Friday, May 13

On the definition of a monkey

This one is mostly for the benefit of Buzz.

Yes, apes are monkeys and therefore so are we. I’ve said it before and I’ve given my reasons, other biology types have said it and given their reasons, yet a crime against pedantry rages unabated.

... from Zygoma.

The author, PaoloV is in osteology, which means he might well be working with different primate species all the time, but I just can't bring myself to consider working with dead primates to being on the same footing as working with live primates. We all have our flaws.

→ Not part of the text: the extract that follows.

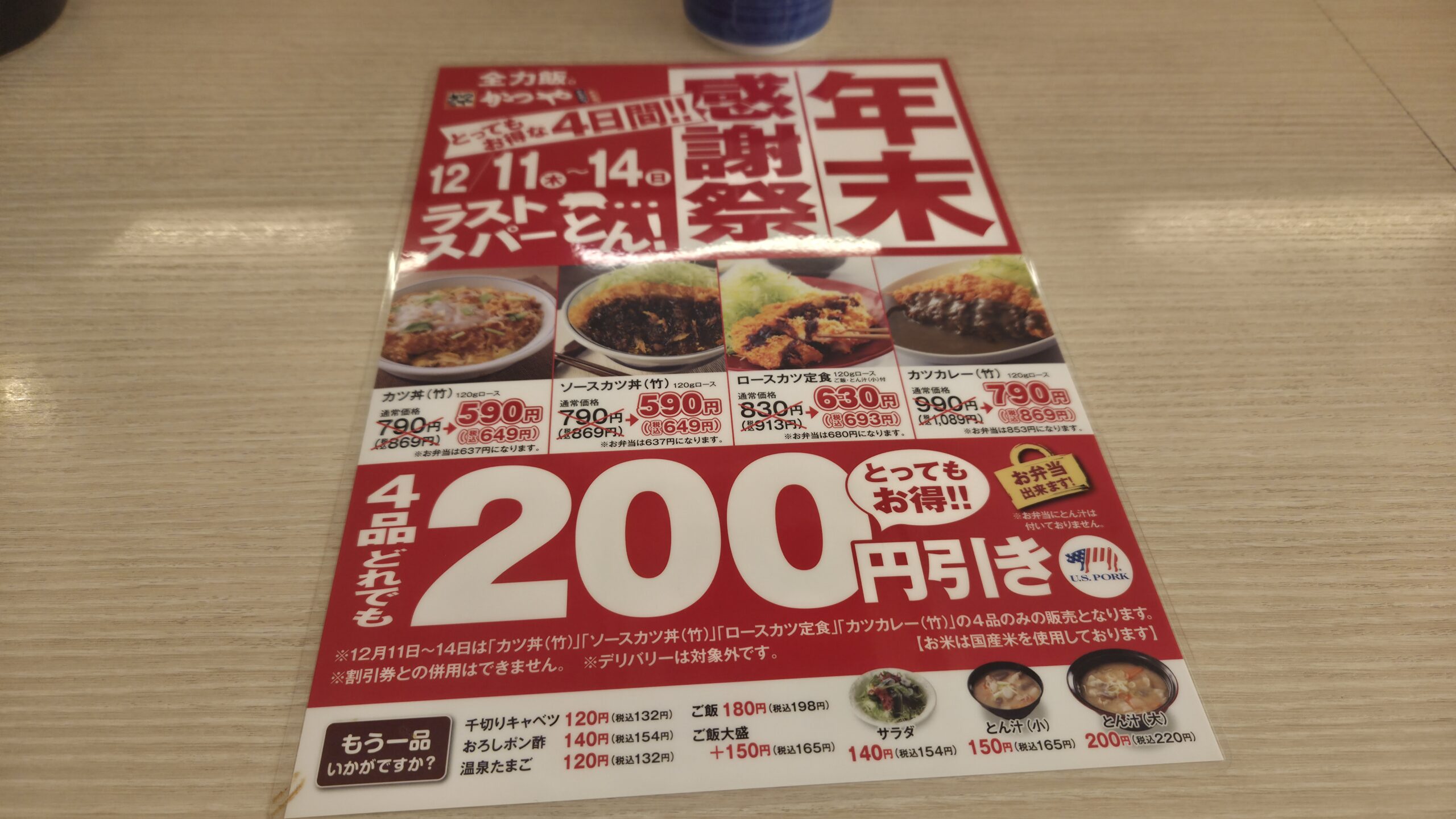 年末になると色々なお店でセールが行われますが、かつやの場合は特定の4品が200円引きになるセールです。割引券は使えないため、普段割引券を使っているリピーターからすると、通常より100円引き程度の感覚かもしれません。それでもお得なことには変わりないので、2025年の今年も当然のように行くことにしました。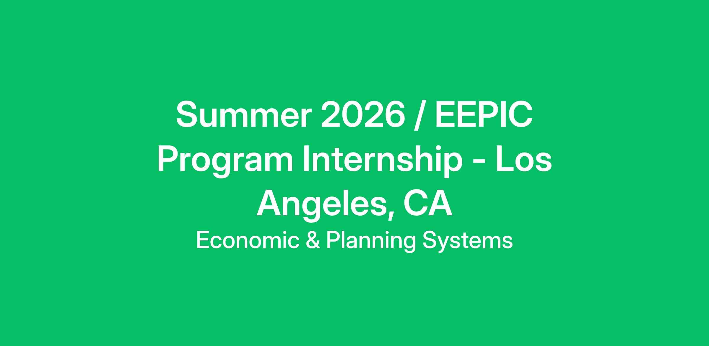 Economic & Planning Systems, Inc. (EPS) is an innovative economics land use consulting firm, distinct in our ability to analyze and creatively resolve complex challenges related to land use policy, urban planning, real estate investment, and public financing. Since 1983, we have served a wide variety of private- and public-sector clients throughout the United States with an emphasis on forward-thinking land use planning, economic sustainability, and urban resiliency.Our goal is to develop well-rounded consultants, experienced in the full range of services offered by EPS. We are passionate about our work and committed to our clients. We also invest in our staff through on-the-job training, a monthly “lunch-and-learn” training series, and staff retreats. We promote a collaborative professional environment both in and out of the office, and recognize that diverse perspectives strengthen our understanding of issues and our services to our clients and their communities.The Internship PositionOver the Summer of 2026, EPS will be offering one traditional summer internship position in its Los Angeles office. This position includes the opportunity to participate in the Environmental Engineering and Planning Internship and Charrette (EEPIC) program (see EEPIC program details below). Interns at EPS work under the direction of project managers and may assist in research and analyses related to real estate feasibility, fiscal and economic impact analysis, public finance, land use policy, revitalization/ redevelopment, and regional economics.The internship opportunity will be in-person, located at EPS’s downtown Los Angeles office in Summer 2026 (except during the EEPIC program, as described below). The internship is a paid position, and the intern will work approximately 24 hours per week, with the exception of the 2-week EEPIC program planning charrette, when additional hours will be required. Interns are eligible for paid sick leave but are not eligible for other employee benefits, except as mandated by applicable law.EEPIC ProgramIn addition to a traditional internship with the firm, EPS participates in the EEPIC program: a collaborative program amongst seven firms that aims to expand representation within the environmental, engineering, economics, and planning fields by creating meaningful opportunities for students across all backgrounds. This includes, but is not limited to, students who identify as Black, Indigenous, or People of Color (BIPOC); veterans; individuals with disabilities; and students who are the first in their families to attend college. As part of the program, the EPS intern will participate in an intensive in-person two-week charrette in July, tackling a real-world project in partnership with EEPIC interns from other firms. Additional charrette details can be found on the EEPIC program flyer by clicking this link. Please note that travel and lodging will be provided (if needed) during the charrette portion of the internship program only, and will not be provided during the traditional summer internship.Does This Describe You?You are a current upper division undergraduate student or graduate student seeking hands-on experience in land economics, public finance, city and regional planning, public policy, or similar field. You are interested in the interplay between economics and public policy in the development of urban systems, and are passionate about work that results in strategies to promote great and sustainable places. You want to use quantitative research and analysis to help communities expand in an equitable and sustainable way, by planning for healthy, diverse neighborhoods, balanced economic growth, affordable housing, enhanced transit and public services, new parks and open spaces, and innovative land use investments.Qualifications and Skills- Current upper division undergraduate or graduate student

Truthfully, the distinction between monkey and ape is a handy one to have. There are too many people I meet (smart people, too) who do not understand the vast difference between a chimpanzee and a spider monkey, thinking of them both as "monkeys." Maybe I ought to devote an entire Human Ethology post to this, but I don't think people are naturally inclined towards understanding the distinction between inclusive and non-inclusive sets. Its definitely easier to think, "okay they're closely related, but a monkey is one thing and an ape is another." And its even easier to think "anything that swings around and makes hooting noises is a monkey."

I really like the word "monkey," however. Its such a fun pair of syllables, so I would not be opposed to being given more opportunities to use the word. Its unfortunate that there the two main distinctions within are Old World and New World Monkeys. In that case, shouldn't we be assigned some kind of monkey subtitle?

In conclusion, I have no strong opinion one way or the other, though I may wind up changing the name of this blog to Lord of the Monkeys at some point, to promote greater journalistic integrity.